▸ DATASET EXCERPT

BEGIN

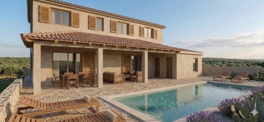 Das Grundstück verfügt über eine rechtskräftige Baugenehmigung für den Bau eines Einfamilienhauses mit Pool, insgesamt 192 m² groß.
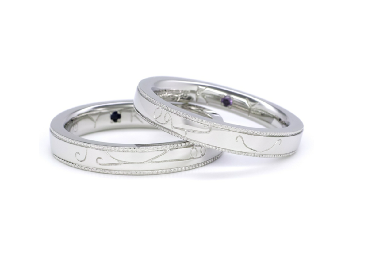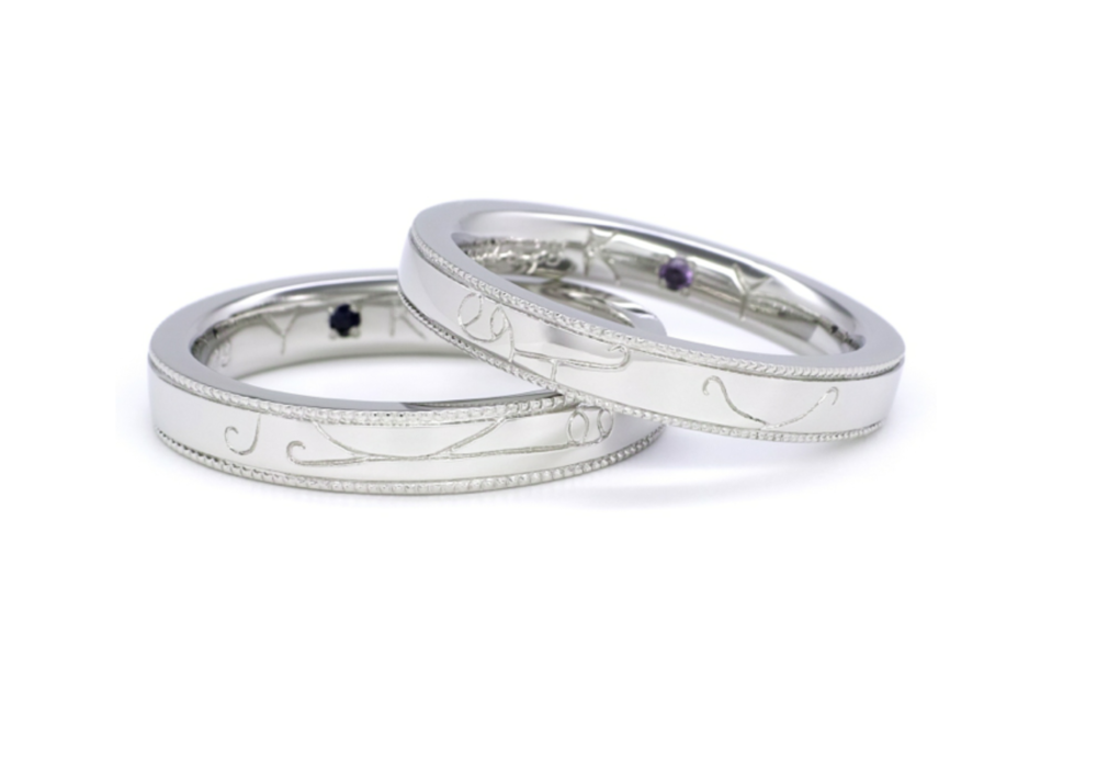 また、内側には誕生石のアメシストと、サファイアが留まっています。
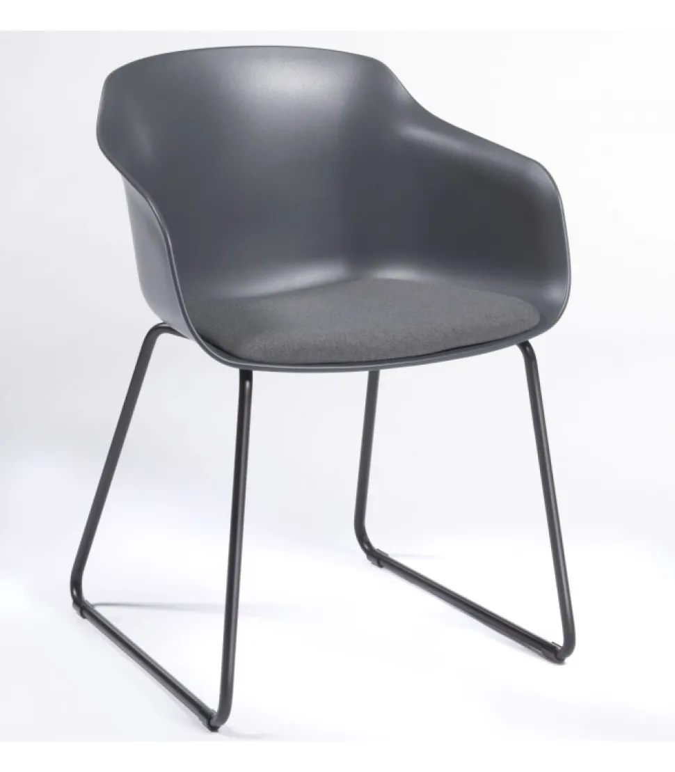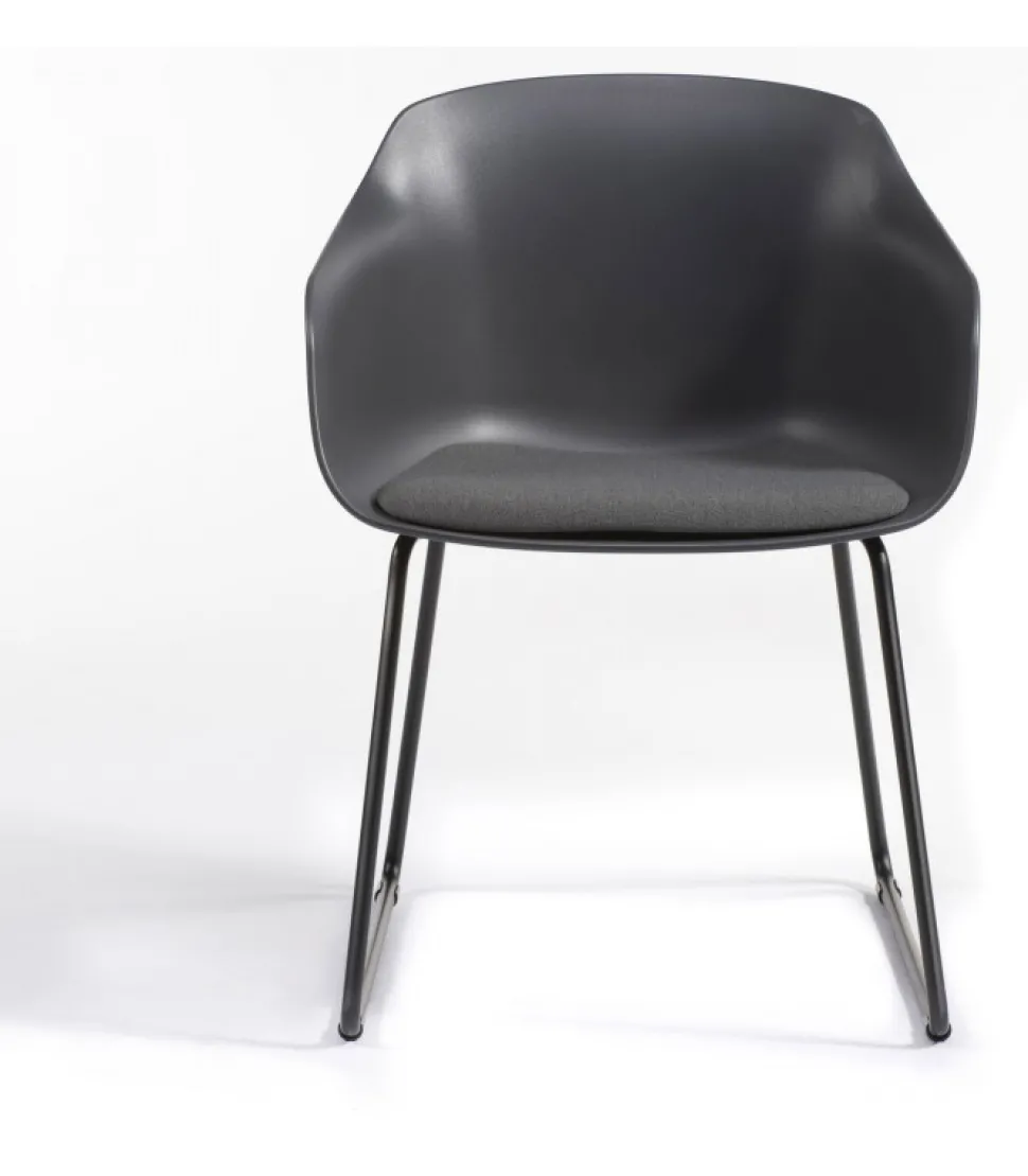 Sedia Dame St Con Cuscino Tappezzato Sulla Scocca In Tecnopolimero (Disponibile In 8 Diversi Colori). La Struttura A Slitta E In Metallo Cromato O Verniciato Di Nero.

END

▸ TASK DIRECTIONS
Copy the entire listing exactly but skip the pictures.

▸ ANSWER TO THE PROBLEM
 Das Grundstück verfügt über eine rechtskräftige Baugenehmigung für den Bau eines Einfamilienhauses mit Pool, insgesamt 192 m² groß.
 また、内側には誕生石のアメシストと、サファイアが留まっています。
 Sedia Dame St Con Cuscino Tappezzato Sulla Scocca In Tecnopolimero (Disponibile In 8 Diversi Colori). La Struttura A Slitta E In Metallo Cromato O Verniciato Di Nero.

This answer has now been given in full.